Lying to People on the Internet

Lily Grodzins, Games & Humor Editor

I have a confession to make. This isn’t easy for me to say, but I am putting this out there in hopes that my story will inspire others to seek help and get clean.

I suppose we should begin at the beginning—my addiction to lying on the internet all started back in 2016, when me and my friends would reply to celebrities’ tweets claiming they were part of the Illuminati. This may seem crazy to you now, but it was all the rage back in the day. Youtube channels like Top Ten and WatchMojo would glamorize lying on the internet, pretending it was the chic-er, safer alternative to lying in person. See, outside of the internet I’m as truthful as they come: if a pair of jeans make your behind look flat or your baby is ugly, trust, I’ll let you know. I guess I just viewed this as an outlet for all of my repressed deception. 

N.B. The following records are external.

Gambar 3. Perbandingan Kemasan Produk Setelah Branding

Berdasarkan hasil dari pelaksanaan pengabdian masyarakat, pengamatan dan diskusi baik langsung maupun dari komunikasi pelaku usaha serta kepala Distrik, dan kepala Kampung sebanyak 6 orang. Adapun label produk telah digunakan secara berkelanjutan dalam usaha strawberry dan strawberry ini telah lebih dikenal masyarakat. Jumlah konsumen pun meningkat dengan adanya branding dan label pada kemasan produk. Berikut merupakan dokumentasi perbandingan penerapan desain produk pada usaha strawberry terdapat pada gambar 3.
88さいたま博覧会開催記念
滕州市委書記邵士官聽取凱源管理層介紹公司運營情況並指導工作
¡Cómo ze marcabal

The craziest thing is, I didn’t even want their money—it was the thrill I was after.

At one particular low, I edited the Wikipedia page of every single species of spider to say that the average American swallows 8-10 of them in their sleep. And people believed it! There was even a time that I messaged old people on facebook telling them I was Queen Elizabeth and demanding their credit card information. The craziest thing is, I didn’t even want their money—it was the thrill I was after. 

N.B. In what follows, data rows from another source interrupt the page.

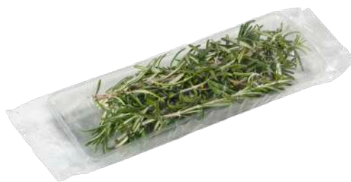
Romero Bandeja flow pack
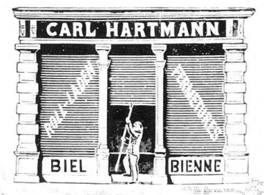
Abb. 482 Inserat der Rolladen-Firma Hartmann aus der Zeitschrift Heimatschutz 1 (1906), Heft 6.
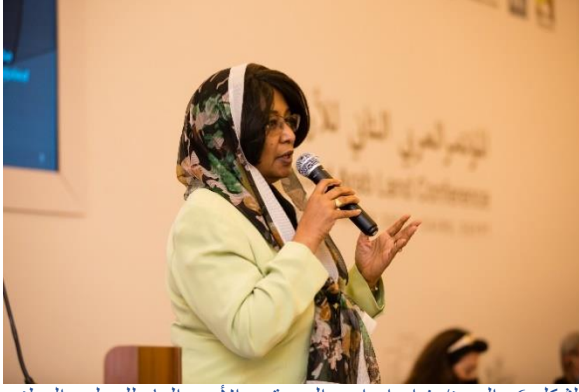
الشكل 6: السيدة/ فداء إبراهيم الدسوقي، الأمين العام للمجلس الوطني للتنمية الحضرية والتخطيط في السودان (برنامج الأمم المتحدة للمستوطنات البشرية (الموئل) (UN-Habitat)، 2021)

I’m thankful to say that I’m recovering, though I know now is a hard time for many addicts. With the new Twitter updates making it so easy to impersonate people, I see so many stumbling. And I understand—sometimes my fingers just itch to pay Elon Musk $8 and tell people Michael Jackson’s still alive, and that he’s responsible for vaccines and January 6th. But now I’m able to take a deep breath and step away from the computer. And that’s progress.